(VIDEO) UPDATED: Allegations of racial profiling by Decatur Police draw emotional reaction
Decatur Police are investigating allegations of racial profiling by its officers, City Manager Peggy Merriss said during the Jan. 6 City Commission meeting.
Decatur Police spokeswoman Sgt. Jennifer Ross said she wasn’t familiar with the investigation when Decaturish.com contacted her for a statement. (UPDATE: See the statement from Deputy Police Chief Keith Lee at the end of this article.) The alleged incident that prompted the investigation upset commissioners. They apologized to Don Denard, a former city school board member, after he told them he was stopped by officers who were racially profiling him.
Denard, 63, has lived in Decatur since 1981, and served on the city’s school board from 1989 to 1997. He recounted his experience in a letter to Decatur Police Chief Mike Booker.
“December 4, 1997 was declared ‘Don Denard Day’ by the Decatur City Commission for my years of service on the school board,” he wrote to Booker. “However, the luster of that honor bestowed on me as an elected public official wore off on December 15, 2013 due to the degrading experience I suffered at the hands of the police on my street, in my neighborhood, in the city of Decatur.”
Denard told commissioners at the meeting that he was just walking down his street on Dec. 15 when a black Decatur Police Officer stopped him. He wasn’t far from his home on South Candler Street. A police officer asked him for his ID. Denard refused, saying he was a resident of the neighborhood and had done nothing wrong. Two other officers, one white and one black, arrived on the scene.
Denard said the officer told him there was an investigator at his home because his back door was left open. He said special investigator, who is white, called for additional officers after seeing him leave his home to go for a walk. Denard said the door was “slightly ajar.”
There have been other racial profiling incidents in the city, Denard said. Denard said police stopped a black teacher in Oakhurst. Another story circulated on the social networking website Nextdoor alleges that police officers stopped a black man on Pinetree Drive who was walking to the drug store after someone called police to report a suspicious person.

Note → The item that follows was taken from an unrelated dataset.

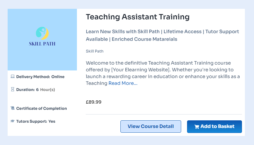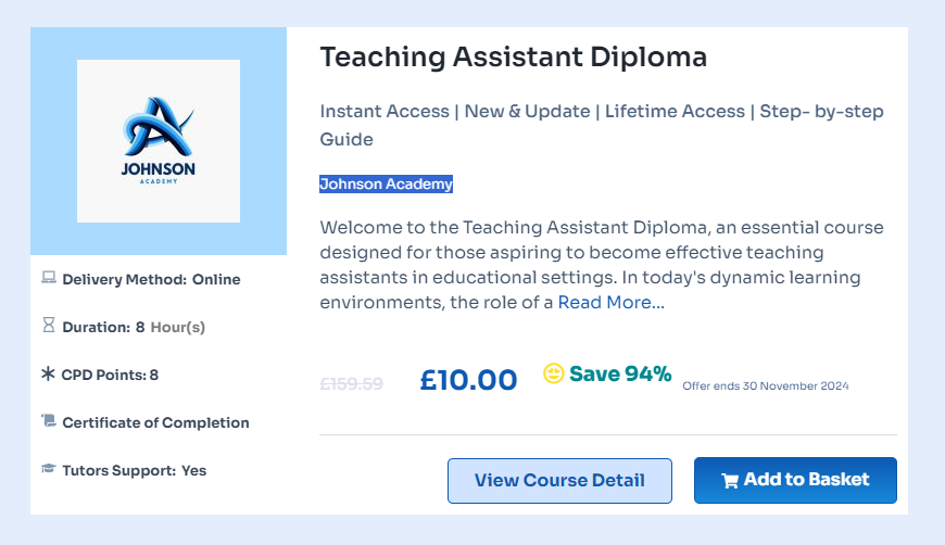 Teaching Assistant Online Course offers a great starting point for anyone interested in becoming a teaching assistant. This online course is flexible and self-paced, making it easy to balance with other commitments while gaining the skills needed for this vital role.

Denard said he wants an apology and sensitivity training for police officers.
Mayor Jim Baskett apologized and said he hadn’t seen Denard’s letter until shortly before the commission meeting. Denard’s story moved Commissioner Kecia Cunningham to tears.
“It is unconscionable to think that walking down the street, your street, is means for being detained,” Cunningham said.
UPDATED: Deputy Chief Lee sent the following statement in response to the allegations made by Denard:
“We received Mr. Denard’s complaint and we take complaints of this nature very seriously. We recognize that racial profiling is an issue in communities across the country and cannot deny that it has occurred in our city in the past. However, we work very hard to prevent instances of racial profiling. We have policies and procedures in place and conduct training for our officers to raise awareness. We are dedicated to making certain we treat people with dignity and respect during the course of our duties. We will thoroughly investigate this incident and will keep Mr. Denard and the city leadership informed of our findings.”